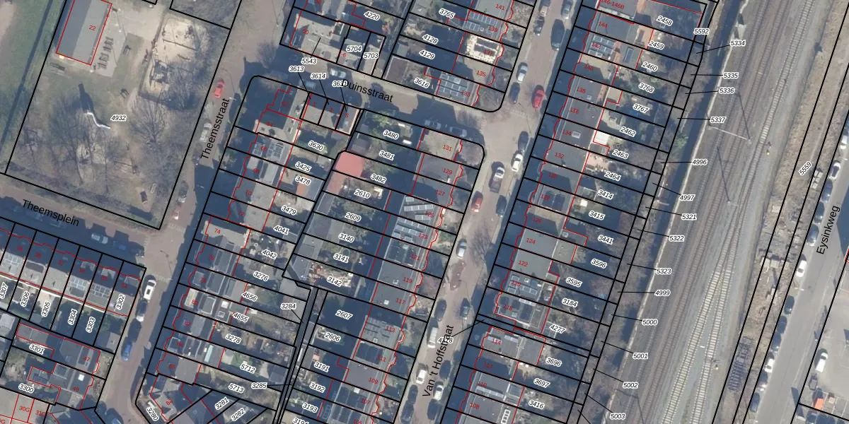 Het perceel waarop Van 't Hoffstraat 125 staat heeft een oppervlakte van 183 m². Dit is een middelgroot perceel. De perceeloppervlakte wordt geregistreerd door het Kadaster. Gedetailleerde informatie over de maten van dit perceel kunt u vinden in het rapport Kadastrale kaart met maatvoering van Van 't Hoffstraat 125.
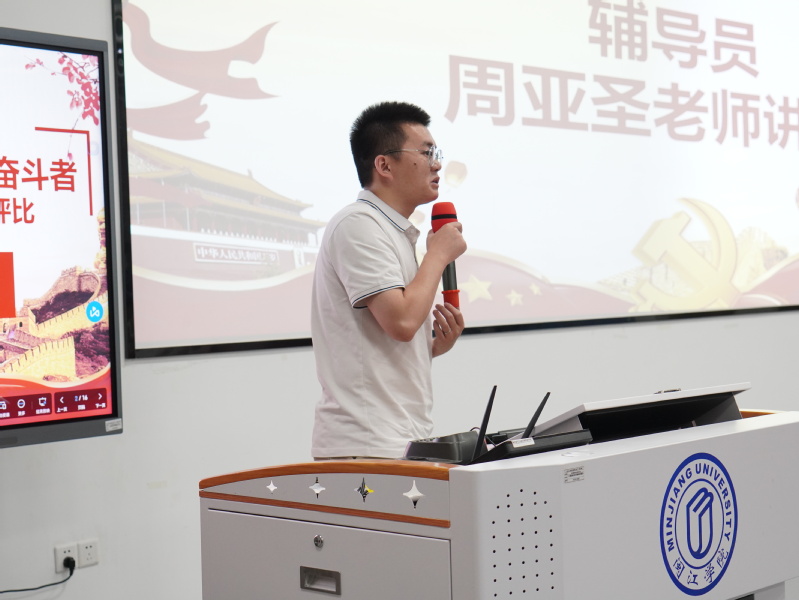 随后,辅导员周亚圣老师对各团支书在团日活动中的认真负责的态度给予了肯定,同时指出了一些不足之处。他着重提出了“团”的重要性,期望在以后的团日活动中,能够看到更多的同学积极参与其中,通过形式多样的集体活动充分彰显班级的向心力和团队精神,让团日活动真正成为凝聚青年、引领思想的重要阵地。
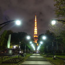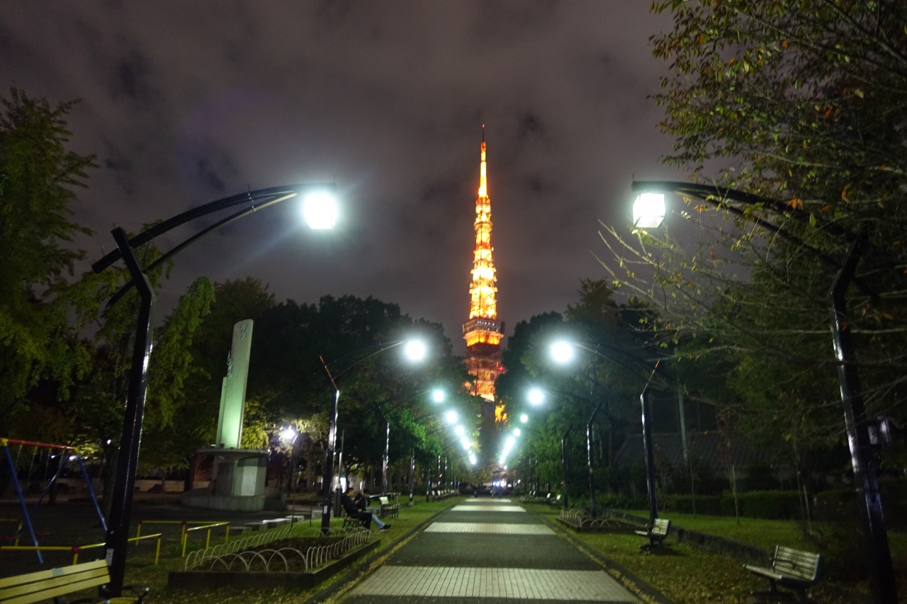 芝公園は、道路を挟んでいくつかの飛び地で構成されています。今回、御成門駅に一番近い場所から東京タワーを眺めたところ、テレビドラマなどで何度も見たことのある光景だと気づきました。東京タワーを正面に望み、その両側にはイチョウの木が並びます。今回は夜景でしたが、昼間にも是非足を運んでみたいと思いました。
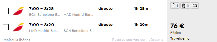 Em seguida, tudo que você tem que fazer é selecionar o seu voo para Espanha e fazer a sua reserva!
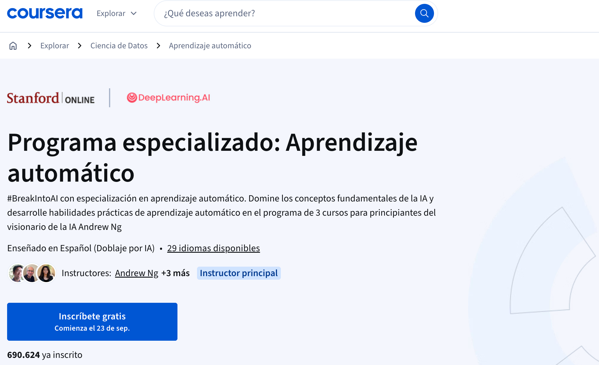 Y si lo tuyo es la paciencia y la técnica, Andrew Ng sigue siendo el maestro zen de la IA en Coursera. Su Programa especializado de aprendizaje automático es una trilogía fundacional. El que pasa por aquí sale con otra mirada: la de quien entiende que los datos no son números, sino relatos que la máquina lee a su manera.
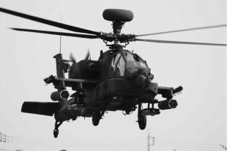 AH-64“阿帕奇”直升机是美国最先进的具有全天候昼夜作战能力的武装直升机,由美国原休斯直升机公司研制,编号休斯77型。AH-64直升机于1975年开始研制,主要用于反坦克作战。与其他直升机相比,“阿帕奇”的突出特点是:一是火力强,它以反坦克导弹为主要武器,另外还有机炮和火箭等;二是装甲防护和弹伤容限及抗坠性能好;三是飞行速度快;四是作战半径大,可达200千米左右;五是机载电子及火控设备齐全,具有较高的全天候作战能力和较完善的火控、通信、导航及夜视系统;六是具有“一机多用”能力。
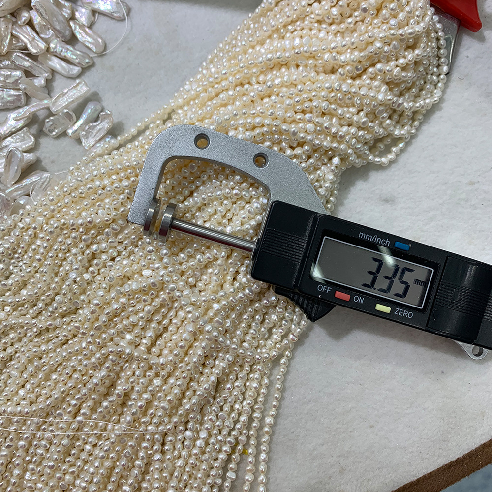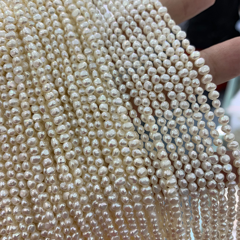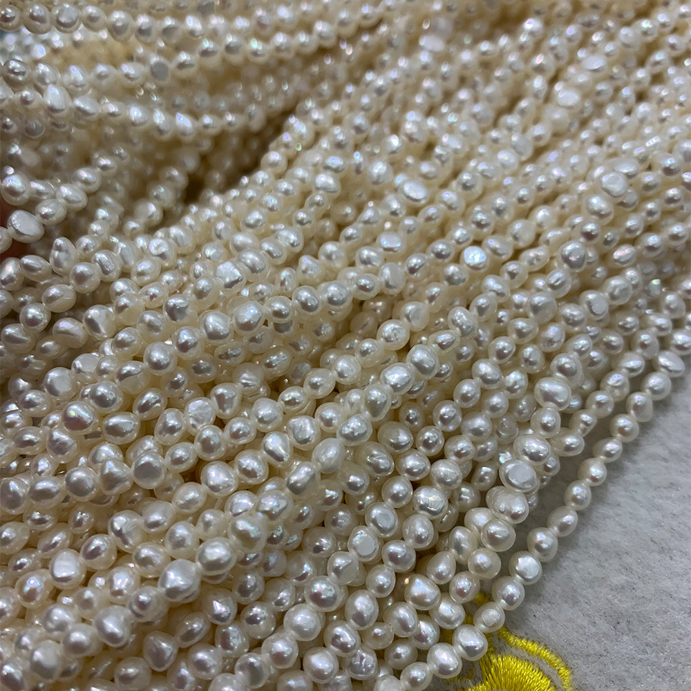 Perles nacres baroques de culture d'eau douce , perle d'eau douce cultivée, DIY, blanc, 2-3MM, Longueur:35 cm, Vendu par brin
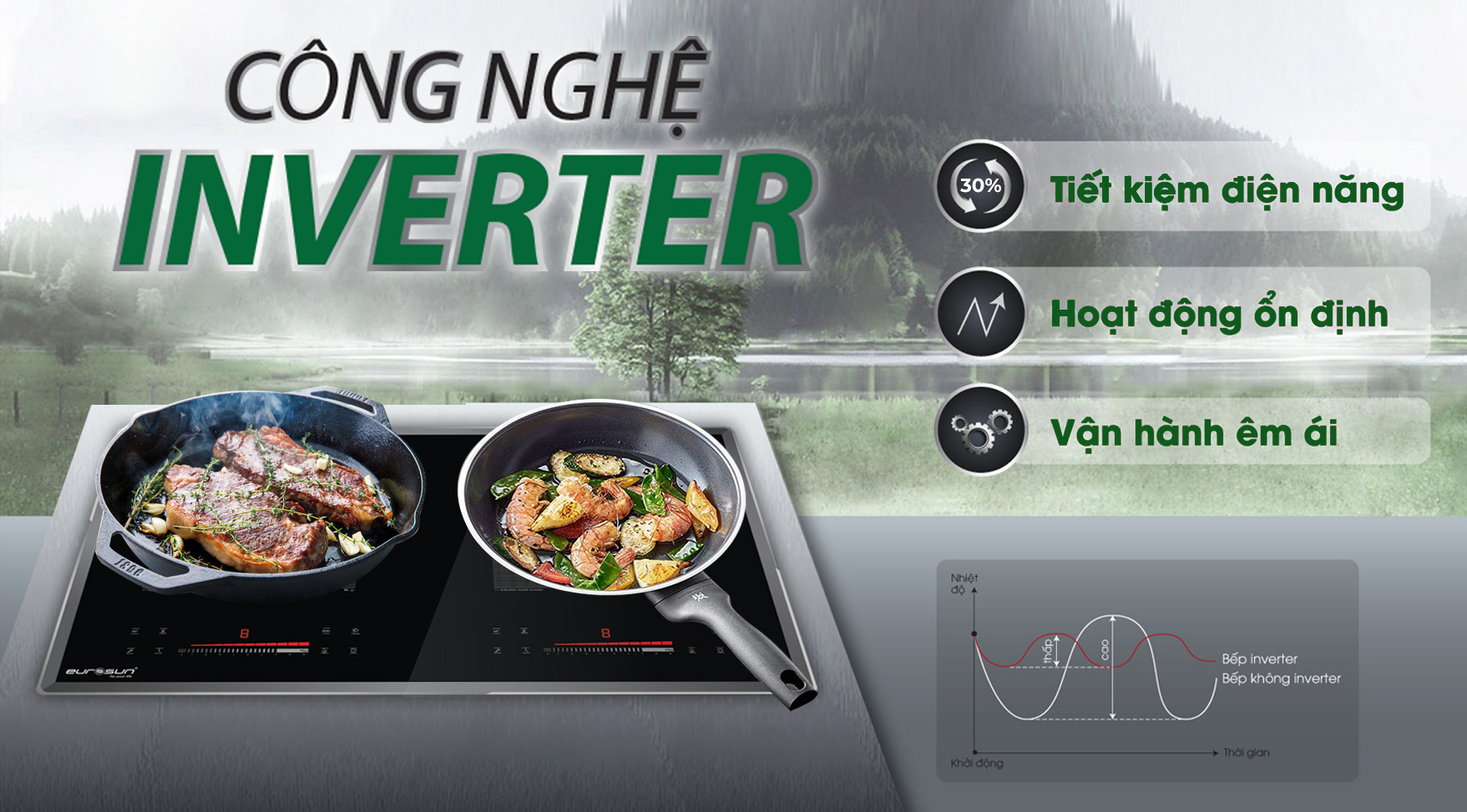 Bếp điện từ Eurosun EU-TE799Pro tiết kiệm 30% điện năng, bởi tích hợp công nghệ biến tần Smart Inverter. Giúp bếp đun nấu duy trì ổn định công suất, với khả năn đun liu riu ở các mức công suất thấp, không bị đóng ngắt liên tục như các bếp thông thường
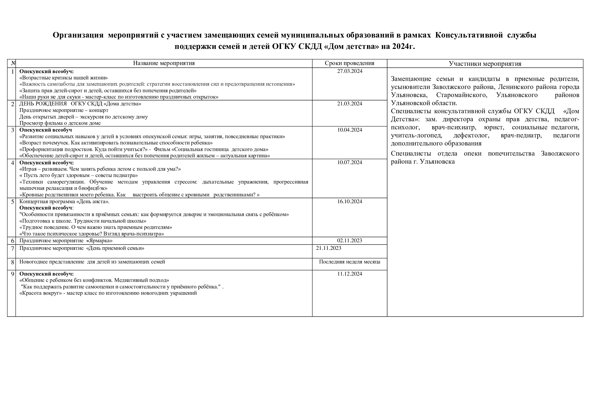План опекунских всеобучей на 2024 год
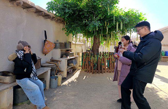 游客在柯鲁柯镇沉浸式影视文旅基地内参观体验。新华网发(蔡得军 摄)
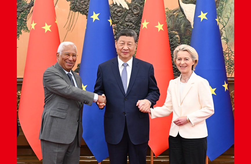 三是践行多边主义,维护国际规则秩序。面对战争与和平、竞争与合作、封闭与开放的重大选择,多边主义、团结合作才是正确答案。中欧要共同维护第二次世界大战结束后建立起来的国际规则和国际秩序,与时俱进推动构建更加公正合理的全球治理体系,携手应对气候变化等全球性挑战,让多边主义的火炬照亮人类前行之路。中欧要支持通过政治手段和平解决国际争端。中方一贯从事情本身的是非曲直出发,主张劝和促谈,倡导标本兼治。中方愿同欧方加强协调,推动今年联合国气候变化贝伦大会取得成功,为应对气候变化和全球绿色转型作出更大贡献。中方也愿同欧方开展人工智能领域政策沟通和务实合作,共同推动平等有序的世界多极化、普惠包容的经济全球化。

> Problem requirements
Transcribe exactly the span of lines that opens with the line holding "Perles nacres baroques" and closes with the last line of the entries above. Omit pictures.

> Solution for this task
 Perles nacres baroques de culture d'eau douce , perle d'eau douce cultivée, DIY, blanc, 2-3MM, Longueur:35 cm, Vendu par brin
 Bếp điện từ Eurosun EU-TE799Pro tiết kiệm 30% điện năng, bởi tích hợp công nghệ biến tần Smart Inverter. Giúp bếp đun nấu duy trì ổn định công suất, với khả năn đun liu riu ở các mức công suất thấp, không bị đóng ngắt liên tục như các bếp thông thường
План опекунских всеобучей на 2024 год
 游客在柯鲁柯镇沉浸式影视文旅基地内参观体验。新华网发(蔡得军 摄)
 三是践行多边主义,维护国际规则秩序。面对战争与和平、竞争与合作、封闭与开放的重大选择,多边主义、团结合作才是正确答案。中欧要共同维护第二次世界大战结束后建立起来的国际规则和国际秩序,与时俱进推动构建更加公正合理的全球治理体系,携手应对气候变化等全球性挑战,让多边主义的火炬照亮人类前行之路。中欧要支持通过政治手段和平解决国际争端。中方一贯从事情本身的是非曲直出发,主张劝和促谈,倡导标本兼治。中方愿同欧方加强协调,推动今年联合国气候变化贝伦大会取得成功,为应对气候变化和全球绿色转型作出更大贡献。中方也愿同欧方开展人工智能领域政策沟通和务实合作,共同推动平等有序的世界多极化、普惠包容的经济全球化。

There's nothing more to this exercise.